Synced Fields
Synced fields let you reuse the same field definition across multiple forms.
They are useful when a field should stay consistent everywhere it appears, instead of becoming a separate copy in each form. When a field is added as a synced field, Formie links it to the original field, so changes made to one instance are reflected everywhere that synced field is used.
This is especially useful for fields that appear repeatedly across a site, such as email addresses, phone numbers, consent checkboxes, and other common contact details.
When to use synced fields
Synced fields are a good fit when:
- the field should behave the same way in every form
- you want one change to update every use of that field
- you are trying to avoid duplicated maintenance
They are a poor fit when a field only looks similar but needs to drift over time. In that case, a normal copied field is usually the better choice.
Adding a synced field
In the form builder, add a field from the existing fields picker instead of creating a new one. When you choose an existing field, you can add it as a synced field so it stays linked to the original.

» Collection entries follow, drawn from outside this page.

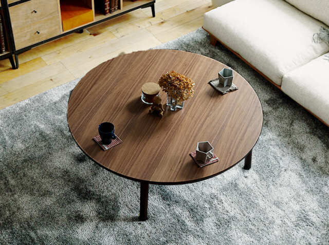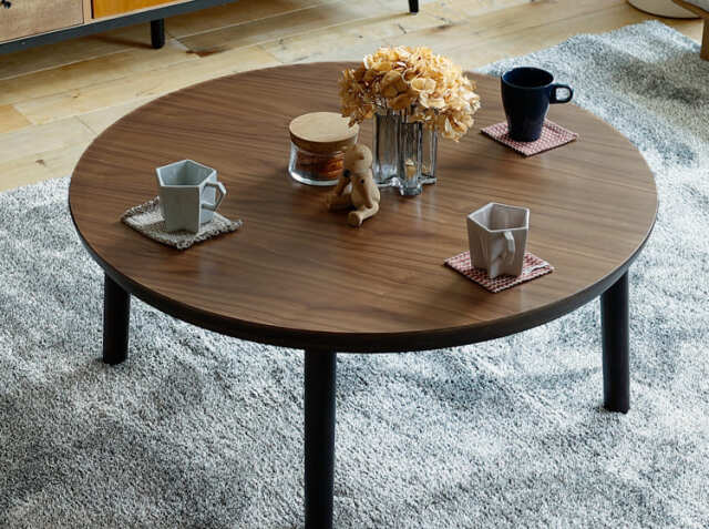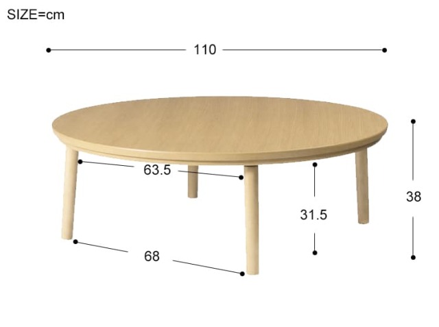 1年を通して活躍するこたつテーブル。ソファーに座りながら使用するのに丁度いい高さは38cm。またラグに座って脚をゆったりと伸ばして使いたいという方にもピッタリ。直径110cmというサイズは3人から4人で使うにはちょうどいいサイズ感となっています。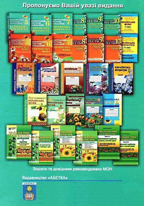 куриліна українська література 7 клас контрольні тестові завдання купить цена купити ціна "Абетка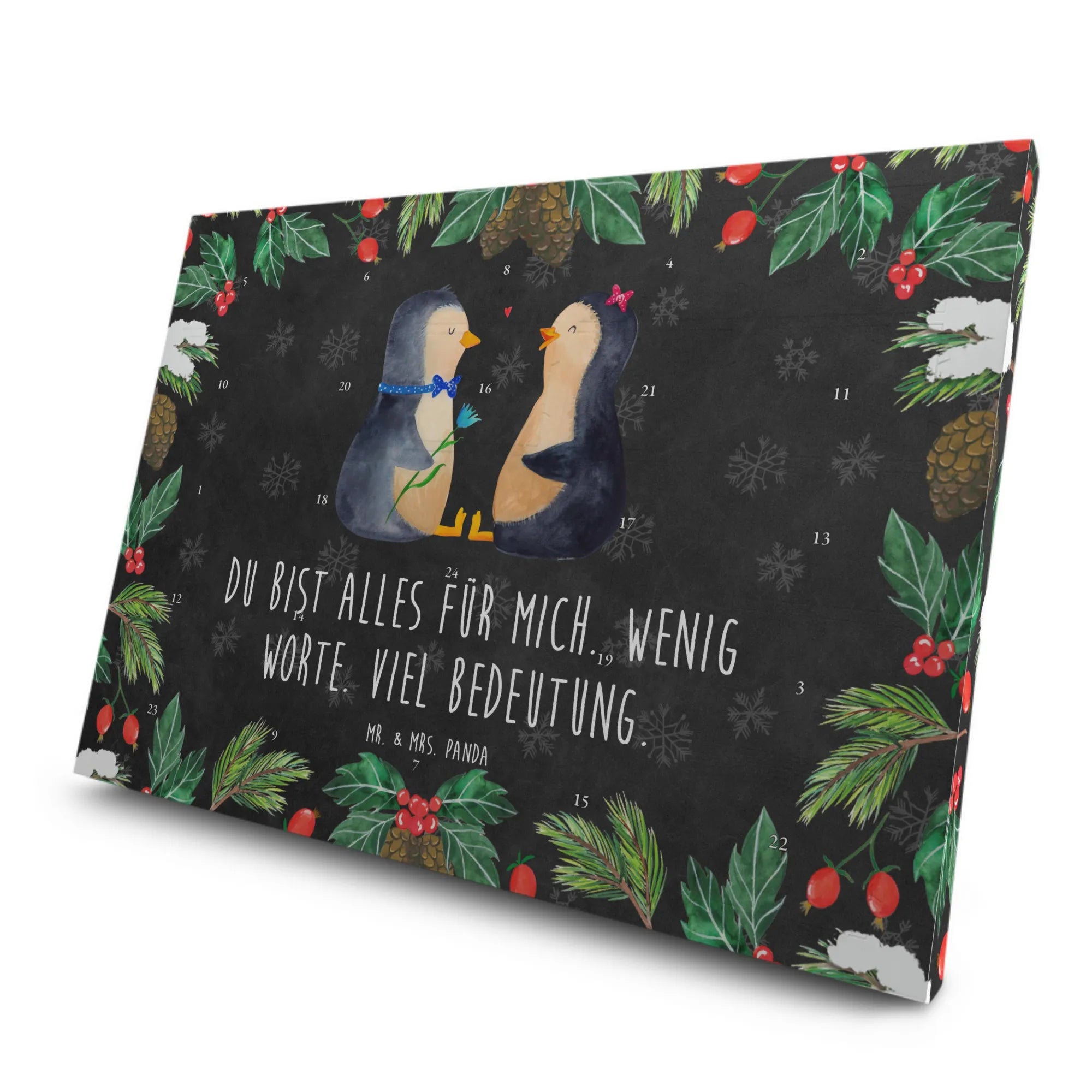 Der Tee Adventskalender "Pinguin Pärchen" von Mr. & Mrs. Panda ist das perfekte Geschenk für Verliebte und all jene, die die Liebe feiern möchten! 🎁 Mit seinem niedlichen Motiv von zwei süßen Pinguinen, die sich liebevoll gegenüber sitzen, versüßt dieser Kalender die Vorweihnachtszeit auf ganz besondere Weise. Die beiden Pinguine strahlen pure Lebensfreude aus und erzählen eine zauberhafte Liebesgeschichte, die Herzen höherschlagen lässt.
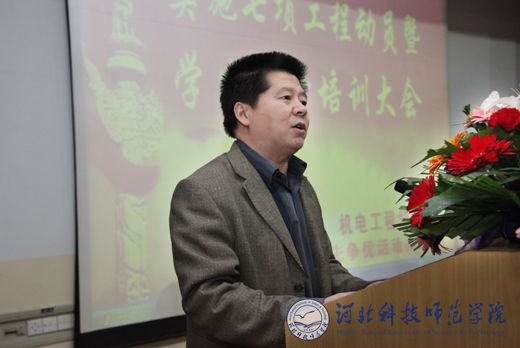 2010年11月18日下午,机电工程学院在昌黎校区学术报告厅召开实施七项工程动员暨学生骨干培训大会。校创先争优活动领导小组办公室副主任、党委宣传部部长赵宗宝应邀出席会议。冯瑞银、刘荣昌、包长春、邓春岩、王庆祝等学院负责同志以及学院全体教师、学生干部、学生党员、入党积极分子和大学生代表等共500余人参加了会议。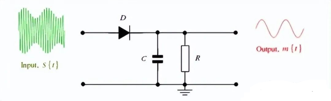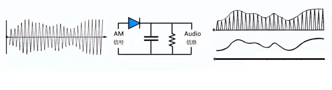 晶体二极管对幅度调制信号进行整流,从而产生具有所需平均幅度的信号,一个简单的过滤器用于检索平均值,然后将其放入产生声音的音频转换器中。

That same picker can also add a normal copied field instead. The difference is important:
- a copied field starts as a duplicate, then becomes independent
- a synced field stays linked
Because the field stays linked, editing it in one form means editing it everywhere. That is what makes synced fields useful, but it is also why they need a little more care.
Synced fields inside groups
You can add existing or synced fields inside Group fields from the form builder. This is useful when you want independent group wrappers — such as delivery and invoice address blocks — that each contain the same reusable field definition.
Each group keeps its own label and settings, while synced nested fields stay linked to the shared definition. Submission values are namespaced by the group handle, for example deliveryAddress.email and invoiceAddress.email.
Working with shared fields
Formie warns you about this in the builder, but it is still worth being deliberate. If you need an independent version later, the usual answer is to create a new field rather than trying to keep changing a shared one.
Synced fields in stencils
You can add synced fields while building a stencil. The stencil stores the shared definition by handle so new forms created from that stencil link to the same field definition.
Project stencils resolve synced fields by handle, so the shared definition should already exist on each environment (or Formie will create an independent copy from the stencil field settings).
Synced fields and multi-site
Synced fields store their shared label, handle, and definition settings in one global field definition. Every placement on every form points at that same definition.
On multi-site projects, content translation overrides still apply per field placement — keyed by each placement’s reference, not by the shared definition id. That means:
- editing a synced field on the form’s source site updates the shared definition, which affects every form and every site that does not have a site override for that placement
- editing a synced field on a secondary site saves a site override for that placement only; the shared definition stays unchanged
- if the same synced field appears twice on one form — for example inside delivery and invoice groups — each placement has its own reference, so secondary sites can translate each placement independently even though they share one definition
Per-placement settings such as required remain local to each form field row. Site overrides can change translatable placement settings the same way as for normal fields.
If you need completely different labels or behaviour per site without sharing a definition, use a copied field instead of a synced one.